All source lives in src/llamacpp_ha/. Module responsibilities:

Module Responsibility
config.py BackendConfig + ProxyConfig (pydantic-settings, LLAMACPP_HA_ env prefix)
registry.py Polls /health, /v1/models, /slots on each backend; maintains live/dead state
slot_tracker.py Per-backend asyncio.Condition; acquire() blocks until a slot is free
queue.py FIFO asyncio.Future queue; asyncio.Event wakeup for the scheduler
scheduler.py Drains the queue, resolves futures with a chosen BackendState; notify_slot_released() triggers re-drain
policies.py RoundRobinPolicy — per-model atomic counter over BackendCandidate list
session_store.py SHA-256 prefix hash → preferred backend; TTL eviction
forwarder.py aiohttp outbound request; streaming SSE via iter_chunked; releases slot in finally
middleware.py ApiKeyMiddlewareBearer token validation; /monitor and /monitor/data are exempt
monitor.py ProxyStats dataclass + build_router() for /monitor (HTML) and /monitor/data (JSON)
proxy.py create_app() — wires all components; registers FastAPI routes; lifespan manages tasks
__main__.py CLI entry point (llamacpp-ha script)

Critical design invariants

Slot release must be awaited, not task-spawned. SlotTracker.release() is async and must be awaited directly. Scheduling it as a task causes a race where the scheduler checks has_free_slot() before the release runs. This applies in forwarder.py (both the streaming finally block and the error path).
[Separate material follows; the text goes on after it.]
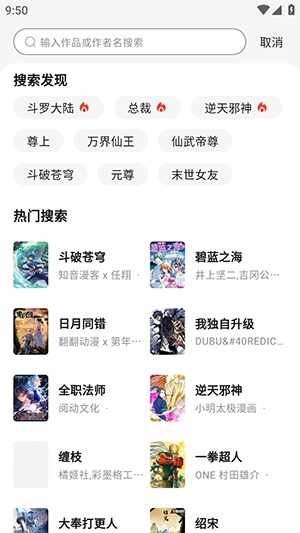 2、支持关键词搜索漫画名、作者名、角色名,秒级定位目标作品。

QueueEntry.future has no default. The future field is None by default. Callers must create it explicitly: entry.future = asyncio.get_running_loop().create_future(). Never use asyncio.get_event_loop() — it is deprecated in async contexts.

build_router() creates a new APIRouter instance each call. The router must not be a module-level singleton; doing so causes route handlers to share state across test cases.
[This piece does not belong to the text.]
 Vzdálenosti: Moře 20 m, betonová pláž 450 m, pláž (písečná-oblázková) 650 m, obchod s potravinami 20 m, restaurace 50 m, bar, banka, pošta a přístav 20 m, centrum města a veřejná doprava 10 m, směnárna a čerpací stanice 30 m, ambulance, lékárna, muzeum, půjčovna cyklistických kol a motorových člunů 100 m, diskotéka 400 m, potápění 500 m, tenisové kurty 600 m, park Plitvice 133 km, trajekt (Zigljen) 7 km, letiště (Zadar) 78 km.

ProxyStats is per-app. Created in create_app() and passed into build_router(). Never use module-level counters or timestamps in monitor.py.

scheduler.start() is def, not async def. It creates a task; it does not need to be awaited.
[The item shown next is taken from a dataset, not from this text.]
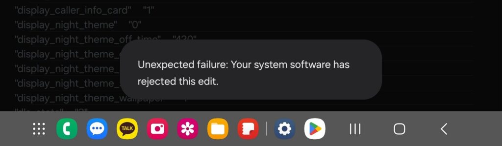 최근 폰 메인보드를 새로 갈았는데, 그러면서 안드로이드가 버전 업이 되었고 Setedit 어플을 통한 강제 촬영음 해제가 불가능하게 되었다. 계속 “unexpected failure: your system software has rejected this edit”라고 뜸 ㅜㅜ
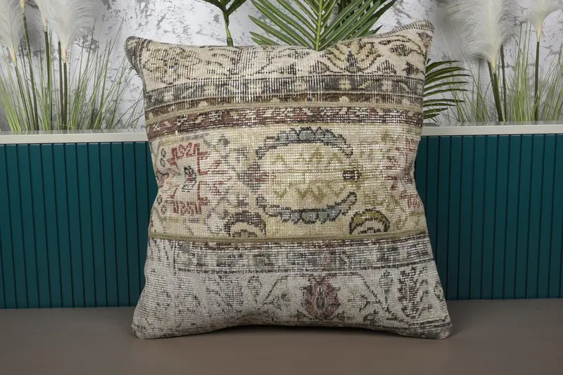 Beige & braunes Patchwork-Wurfkissen, Vintage besticktes Kissen

asyncio.shield in _dispatch. The queue entry future is shielded so that a client timeout doesnt cancel the backend dispatch. On timeout, the entry is removed from the queue and the future is cancelled manually.

Testing

  • Tests are in tests/ using unittest (not pytest-native style), with IsolatedAsyncioTestCase for async tests.
  • pytest.ini_options sets asyncio_mode = "auto" so async test methods run without additional decorators.
  • Integration tests (test_integration.py) use with TestClient(app) as client: — the context manager form is required to run the FastAPI lifespan (which starts the scheduler and opens the aiohttp session).
  • Test helpers: _entry(**kwargs) creates a QueueEntry with a future attached via asyncio.get_running_loop().create_future().
  • All 113 tests must pass: python -m pytest should exit 0.

Style

  • Python 3.13+; use from __future__ import annotations in all modules.
  • No comments unless the WHY is non-obvious (hidden constraint, asyncio race, workaround).
  • No docstrings on internal helpers.
  • Type annotations on all public functions and dataclass fields.
  • asyncio.get_running_loop() everywhere; never asyncio.get_event_loop().